Набирая домашний номер заинтересовавшего его оружейника, Мирон почти не сомневался, что толку от этого звонка не будет. Будний день, рабочее время. Занятой человек, успешный бизнесмен с разносторонними интересами: Причем, если верить собранной информации (а Мирон не поленился выискать о господине Палом все, что только можно), успеха он добился с нуля, собственными силами и очень быстро. Ни протекции, ни богатых родичей в биографии эксперта не просматривалось. Откровенно говоря, родственников не просматривалось ни богатых, ни бедных, никаких, если верить доступным Мирону базам данных. А какое у него основание им не верить? Все ж господин Палый не суперзасекреченный герой боевика, а нормальный обыватель и добросовестный налогоплательщик, пусть и с экзотической профессией. Сирота? Дело обычное, таких немало. Провинциал, внезапно вынырнувший посреди столицы и сразу же преуспевший? Что ж, и такое случается. Так, заявление о восстановлении идентификатора личности в связи с утерей… Место рождения, указанное в заявлении на получение документов, терялось где-то в недрах огромной страны. Дыра, попросту говоря. Ни музеев, ни интернета, ни нормальной библиотеки. Школа фехтования – ой, вряд ли… Но и это все – не преступление!
Что-то Мирона кололо, конечно, и он, не доискиваясь покуда причин, просто принял к сведению неопределенное ощущение, что ему, так сказать, впаривают фальшивку. Но до поры до времени можно и потерпеть. Чего-чего, а терпения дознавателю не занимать. Он умел мириться с неопределенностью, если она не угрожала его целям. Прежде всего следует встретиться с этим удачливым сироткой. Мирон верил в информативность личного впечатления. Вдоволь наслушавшись гудков, он дал отбой и принялся звонить на фирму Палого.

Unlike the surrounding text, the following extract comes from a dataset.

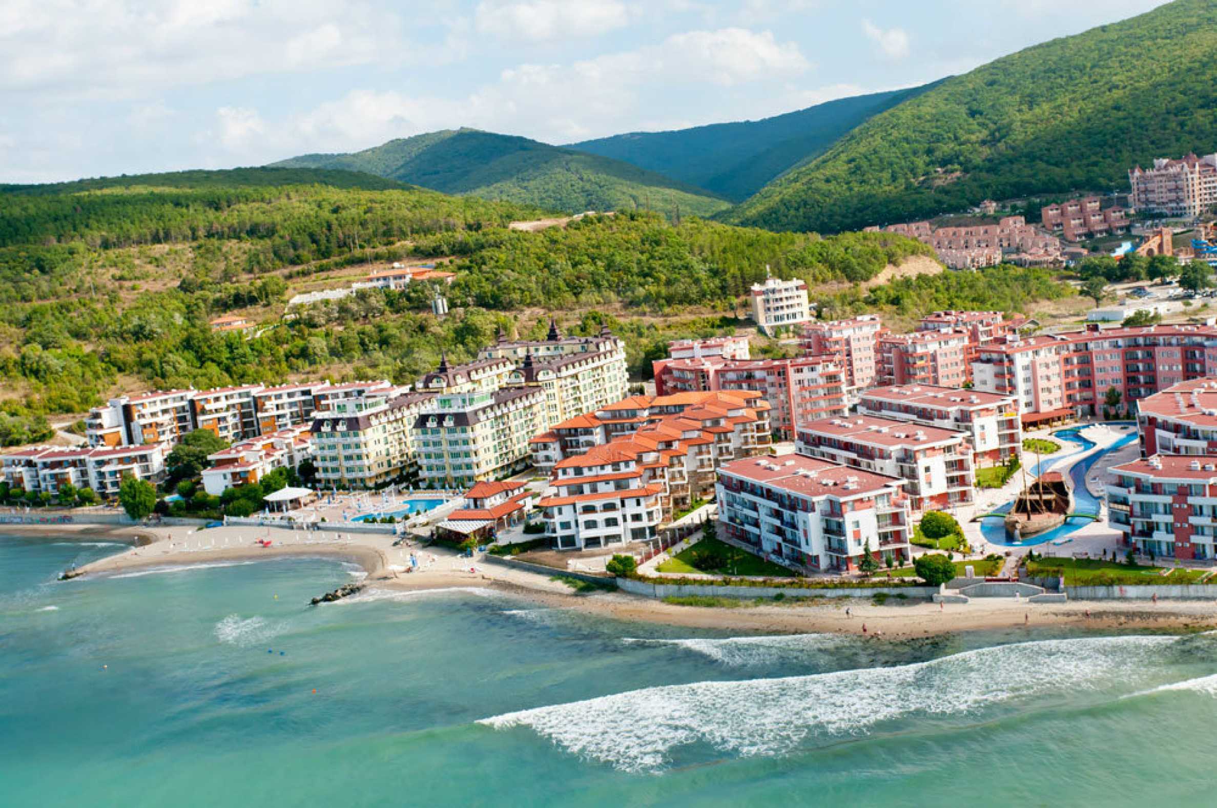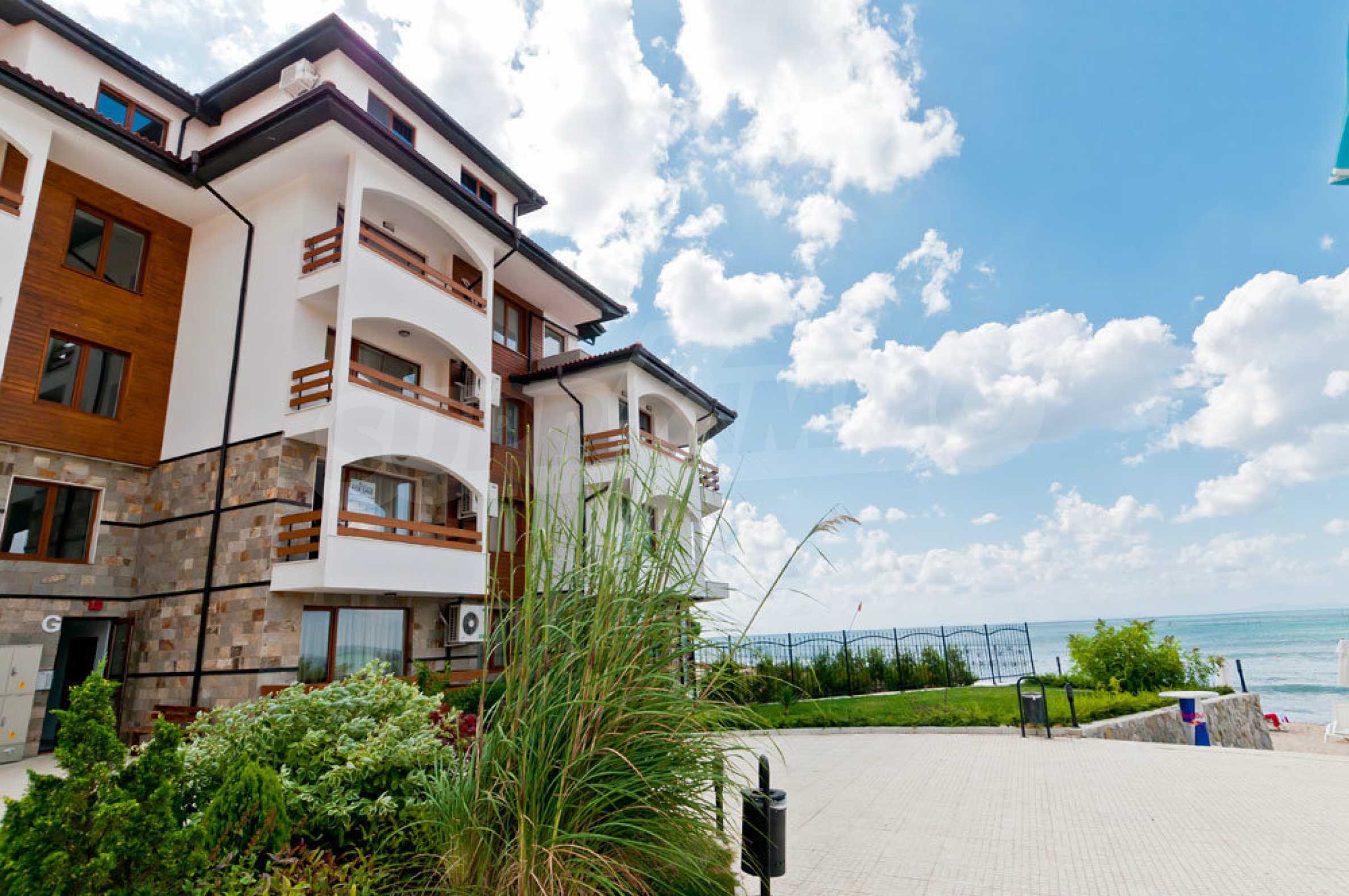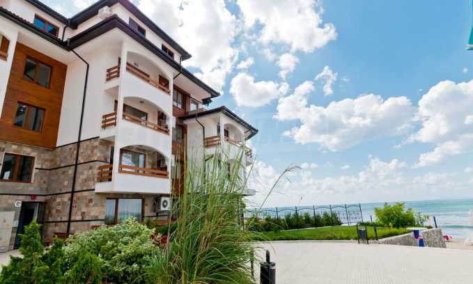 Lovely 1-bedroom apartment (59.59 sq.m.) with beautiful sea views, located in the holiday complex Robinson Beach on the Black Sea (first line from the water) in the holiday settlement Elenite near the prestigious seaside resorts St. Vlas and Sunny Beach. The architecture of the complex is consistent with the traditional houses of the Bulgarian Revival.
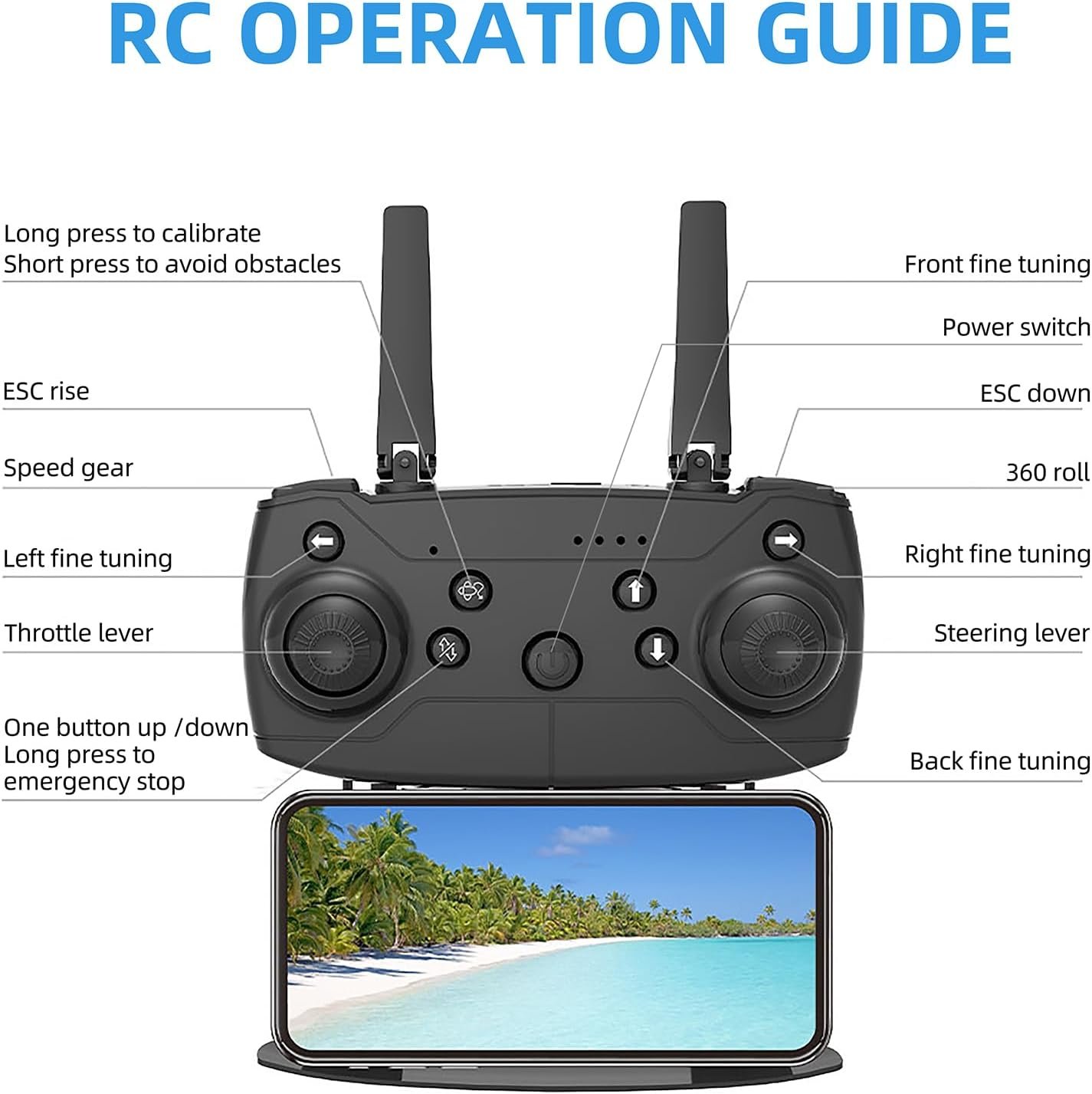 Gravity Sensor If you want to control the direction of your drone’s flight with your phone, simply turn on gravity-sensing mode, allowing you to fly your drone with camera in ways you’ve never done before. Three Adjustable Speeds This fpv drone has different speed modes from low to high, suitable for beginners and intermediates and experts. You can have a different flight experience for fun. Emergency Stop In any case, when you lose control of the drone, shut the drone off with one function button. Don’t worry about losing it! Headless Mode Headless mode is activated by a button on the controller and is a nice feature that allows you to play with the drone without worrying about the direction it is facing. Headless mode brings more confidence to beginners. Gesture Photo Video Allow to control the drone with simple gesture like “ palm” “ fist”. Post a palm sign or fist sign in front of the camera, the drone can automatically take photos or video, good for selfie.

Пару дней спустя Мирону начало казаться, что самое Дан Палый – что-то вроде грандиозного мыльного пузыря. Он оказался неуловимым, как преступник в международном розыске. И дознаватель завелся. Уже не имело никакого значения, что он бы даже не узнал о существовании такого человека, если бы не мысль переговорить с экспертом по холодному оружию об удивительных метательных снарядах. Казалось бы, на Палом свет клином не сошелся, у Мирона имелся целый список достойных кандидатур, среди которых были признанные в определенных кругах звезды. Но чутье твердило, что ему нужен этот – именно этот, никто другой – и что путь, выведший его на господина Палого, сам по себе ничего не значит. И Мирон из кожи вон лез в попытках увидеться или хотя бы переговорить с ним. Простое дело, если у человека есть жилье и работа и нет причин пускаться в бега? Как бы не так! Дан как сквозь землю провалился. Отгоняя мысли о безнадежно запущенных делах и неизбежном гневе начальства, когда вскроются его художества, Мирон без устали мотался по связанным с Даном адресам. Он пытался накрыть его на квартире ранним утром, поздней ночью, днем и вечером, во всех мыслимых вариантах. Впустую. Тот жил в недавно выстроенном доме, хотя и не элитном, но более чем приличном: мало квартир, жильцы погружены в собственные дела, и никаких глазастых бабулек на лавочке и у дверных глазков. Охранники у въездных ворот, придирчиво рассмотрев удостоверение, объяснили Мирону, что, если он хочет получить от них сведения о жильцах, достаточно вызвать повесткой – они-де моментально явятся и ответят на все вопросы. Пускать, однако, пускали, и Мирон каждый раз мог самолично убедиться, что квартира остается необитаемой.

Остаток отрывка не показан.